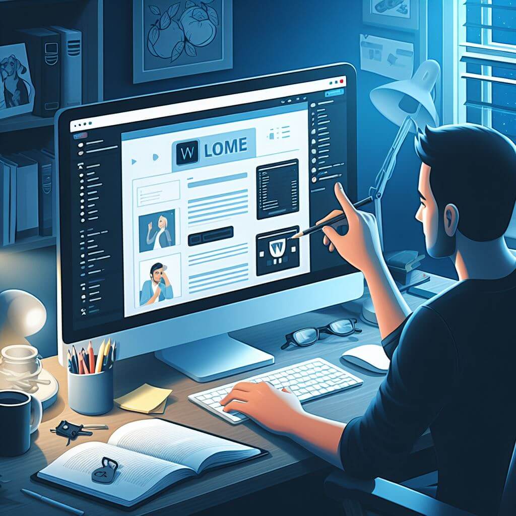 «An innovative web developer seamlessly integrating WordPress elements into a dynamic website design.»
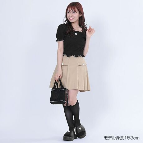 トレンドの短めの丈で、スタイルアップ。デニムと合わせて可愛さと大人っぽさのあるコーディネートがおすすめ。
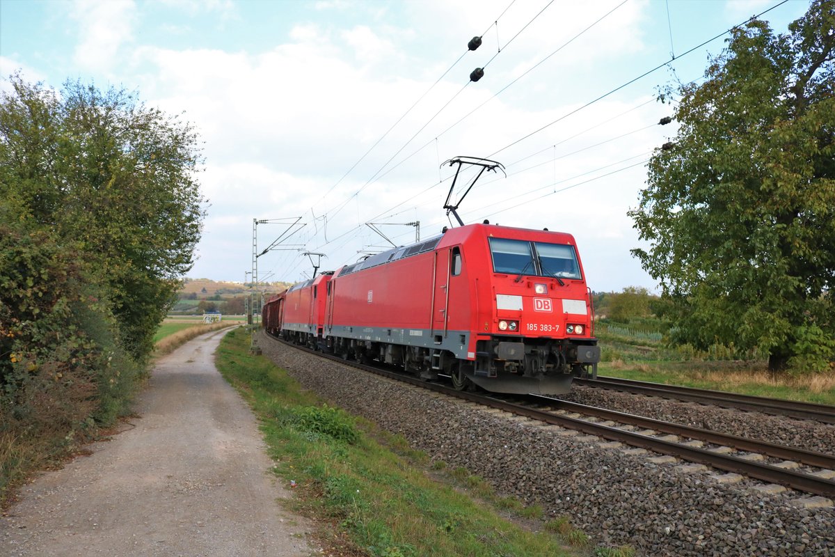LZ aus sieben Loks der Baureihe 185 auf der Riedbahn auf KBS 655 am 25.10.2018.
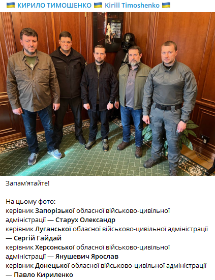 "Запомните! На этом фото: руководитель Запорожской областной военно-гражданской администрации - Старух Александр, руководитель Луганской областной военно-гражданской администрации - Сергей Гайдай, руководитель Херсонской областной военно-гражданской администрации - Янушевич Ярослав, руководитель Донецкой областной военно-гражданской администрации - Павел Кириленко", - подписал он фото.
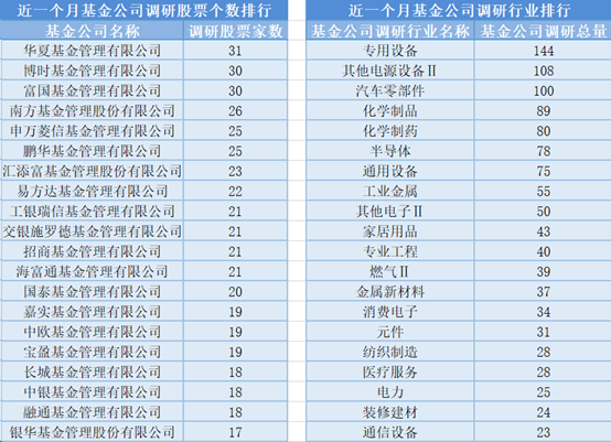 近一个月(9月11日-10月10日),华夏基金参与公司调研的数量最多,共调研31家上市公司,然后调研较为活跃的还有博时基金、富国基金和南方基金,分别调研30家、30家、26家上市公司;从调研行业上来看,基金公司对专用设备行业的上市公司调研次数最多,共有144次,其次是其他电源设备II行业,基金公司调研了108次。
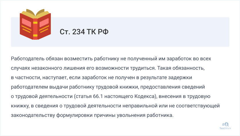 В этом случае сотруднику компенсируется недополученный им заработок. По решению суда на организацию может быть возложена обязанность компенсировать моральный вред.
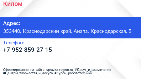 Килом по адресу 353440, Краснодарский край, Анапа, Краснодарская, 5 в дальнейшем Организация, размещена в следующих категориях:
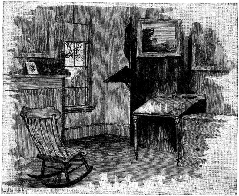 In memory of the brave who found in Concord "a birthplace, home or grave" the plain shaft in the public square was erected on the spot where the Minute-men were probably first drawn up on the morning of the nineteenth of April. 1775 to listen to the inspiring words of their young preacher, Rev. William Emerson, and ninety years after in the same place his grandson R.W. Emerson recounted the noble deeds of the men who had gallantly proved themselves worthy to bear the names made famous by their ancestors at Concord fight. The Rev. William Emerson in 1775 occupied and owned The Old Manse, which was built for him about ten years before, on the occasion of his marriage to Miss. Phoebe Bliss, the daughter of one of the early ministers of Concord. Mr. Emerson was so patriotic and eager to attack the invaders at once, that he was compelled by his people to remain in his house, from which he is said to have watched the battle at the bridge from a window commanding the field. He soon after joined the army as chaplain and died the next year at Rutland, and his widow married some years after the Rev. Dr. Ripley who succeeded him in his church and home, and lived until his death in the Manse which has always remained in the possession of his descendants. Dr. Ripley ruled the church and town with the iron sway of an old-fashioned New England minister, and the old Manse has for years been a literary centre. In the old dining room, the solemn conclave of clergymen have cracked many a hard doctrine and many a merry jest, seated in the high-backed leather chairs which have stood for one hundred and twenty years around the old table. Here Mrs. Sarah Ripley fitted many a noted scholar for college in the intervals of her housekeeping labors [229] before the open kitchen fireplace. In an attic room, called the Saint's chamber, from the penciled names of honored occupants, Emerson is said to have written Nature, and perhaps other works, as much of his time was spent in the Manse at various periods of his life. Here Hawthorne came on his wedding tour and lived for two happy years and wrote the Mosses from an Old Manse and other works. In his study over the dining-room, his name is written with a diamond on one of the little window panes, and with the same instrument his wife has recorded on the dining-room window annals of her daughter who was born in the house.
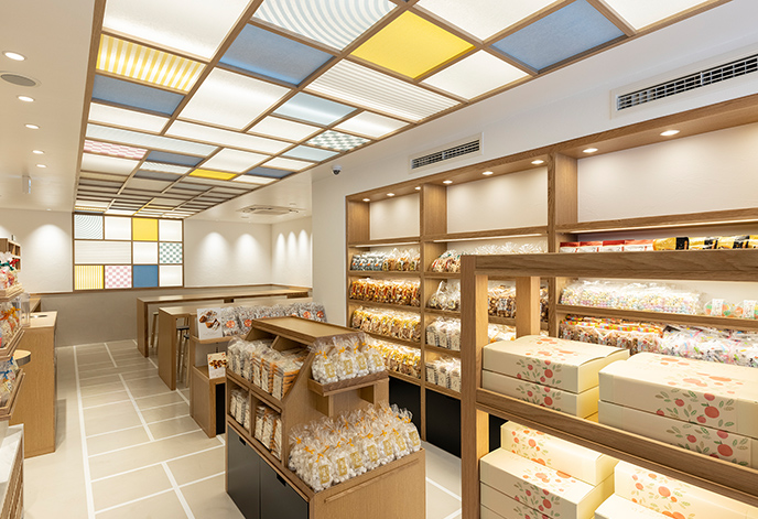 店内には、おかきやどらやき、飴など、昔ながらの伊藤軒のお菓子が並んでいます。伝統的なお菓子ながら可愛らしいデザインの包装のものが多く、思わず手に取りたくなるものが揃っています。
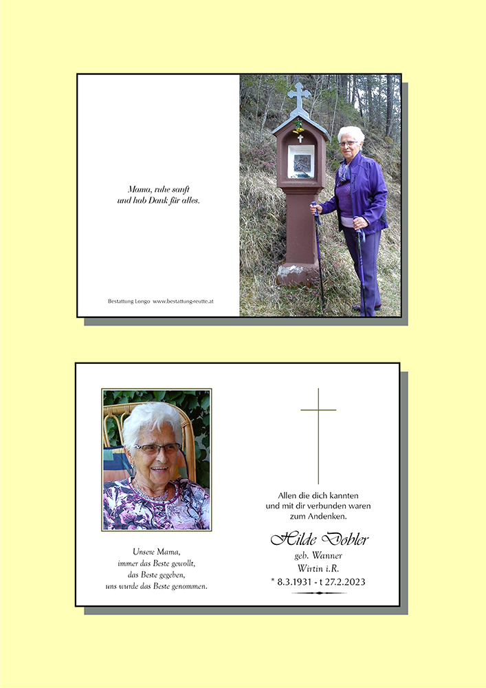 Trauert gemeinsam und erinnert euch an die schönsten Stunden in denen ihr mit eurer Mutter, Oma und Uroma zusammen ward, denn in eurer Erinnerungen bleibt ihr Mutter, Oma u. Uroma verbunden.
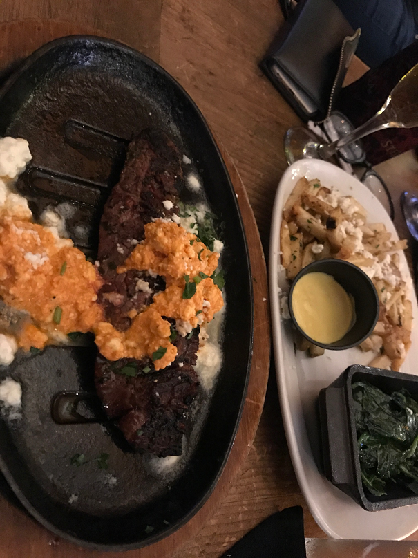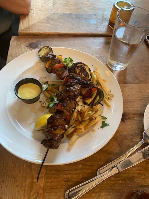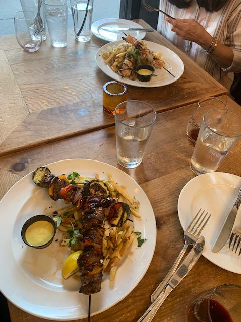 I had the flank steak that was great. The beef souvlaki was cold when the food was served. I like the fact you can bring your own vine and there is no charge to have it.
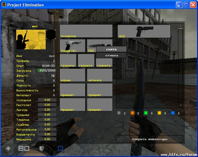 снизу скрин инвентаря, там косячек пистолет sns должен пол слота занимать)
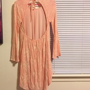 Pink and white flower design dress from Hope's boutique with tags. Long sleeve with an open back.
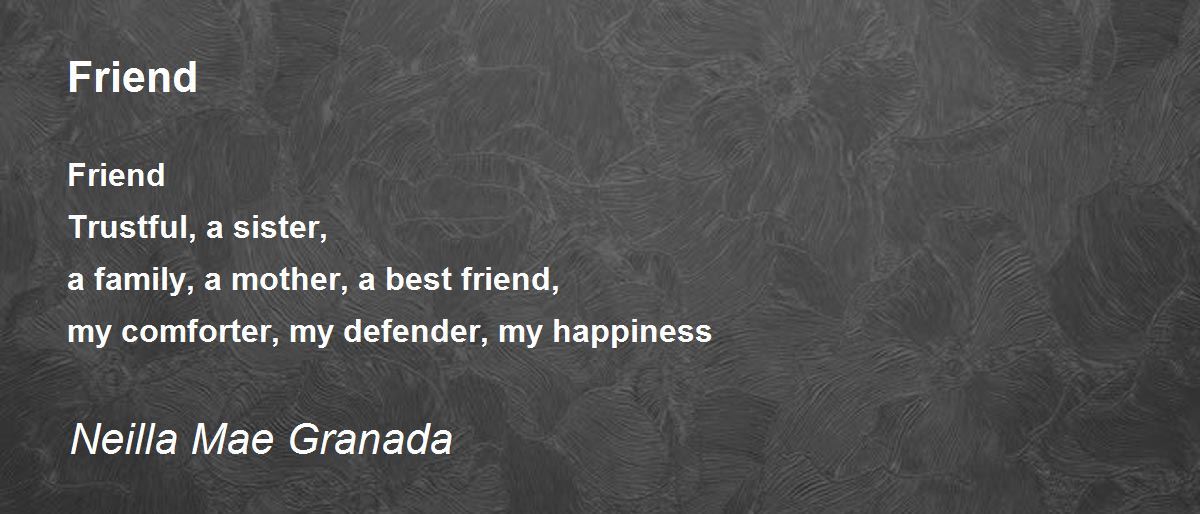 Friend Trustful, a sister, a family, a mother, a best friend, my comforter, my defender, my happiness
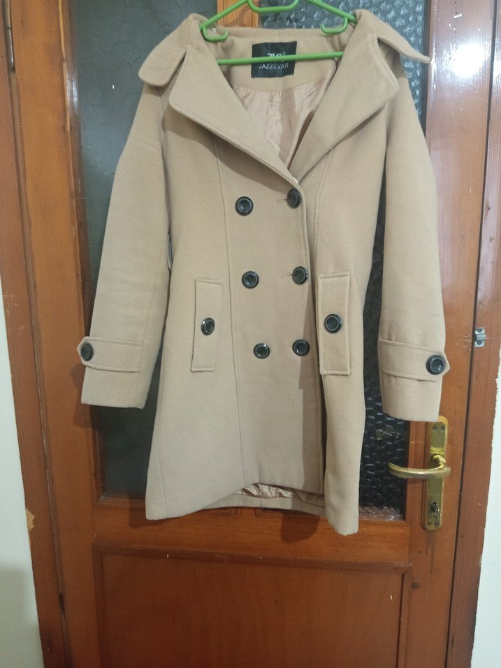 Yumuşak kürk kumaştan bej düğmeli midi kaban, notalı yakalı ve uzun kolludur. Günlük kullanıma uygun, rahat kesimdir.
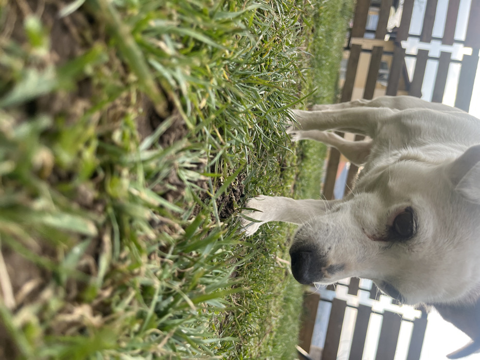 - "A low-angle photograph depicts a small, white short-haired dog in an outdoor, grassy area in Vladaya, Bulgaria" by FM-7mR1N2, licensed under CC BY 4.0
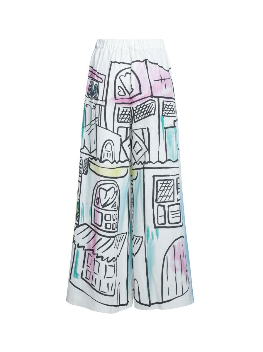 يتميز هذا البنطال المصنوع من الكتان بخصر مطاطي لملاءمة مثالية، مع طبعة مدينة جذابة. بقصّة مستقيمة تمنحه لمسة كلاسيكية، ما يجعله خيارًا مثالياً للتنسيق مع بلوزة من المجموعة.
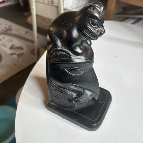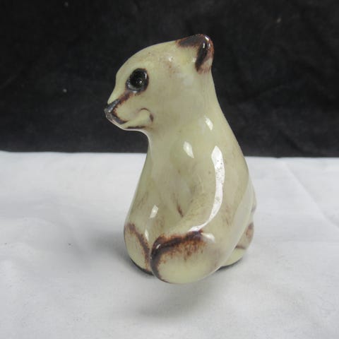 En smuk, dekorativ kattefigur med marmorlignende overflade i creme- og brune nuancer.

^^^^^^^^

* _Your assignment_:
Copy word for word the lines of the records above from the one with "Yumuşak kürk kumaştan" up to and including the one with "under CC BY 4.0". Skip the pictures.

* _Response to the exercise_:
 Yumuşak kürk kumaştan bej düğmeli midi kaban, notalı yakalı ve uzun kolludur. Günlük kullanıma uygun, rahat kesimdir.
 - "A low-angle photograph depicts a small, white short-haired dog in an outdoor, grassy area in Vladaya, Bulgaria" by FM-7mR1N2, licensed under CC BY 4.0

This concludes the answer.